======== DATA FOR THIS EXERCISE

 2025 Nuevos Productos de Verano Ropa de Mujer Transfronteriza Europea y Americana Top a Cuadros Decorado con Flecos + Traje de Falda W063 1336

================
======== DATA FOR THIS EXERCISE

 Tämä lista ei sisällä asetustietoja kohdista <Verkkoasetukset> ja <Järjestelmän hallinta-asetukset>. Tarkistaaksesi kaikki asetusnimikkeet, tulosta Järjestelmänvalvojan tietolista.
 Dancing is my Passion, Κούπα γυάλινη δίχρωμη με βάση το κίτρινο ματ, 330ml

================

== TO DO ==
Find the line with "Tämä lista ei" in the material above. Reproduce it and each line after it up to and including the line with "Dancing is my".

== EXERCISE SOLUTION ==
 Tämä lista ei sisällä asetustietoja kohdista <Verkkoasetukset> ja <Järjestelmän hallinta-asetukset>. Tarkistaaksesi kaikki asetusnimikkeet, tulosta Järjestelmänvalvojan tietolista.
 Dancing is my Passion, Κούπα γυάλινη δίχρωμη με βάση το κίτρινο ματ, 330ml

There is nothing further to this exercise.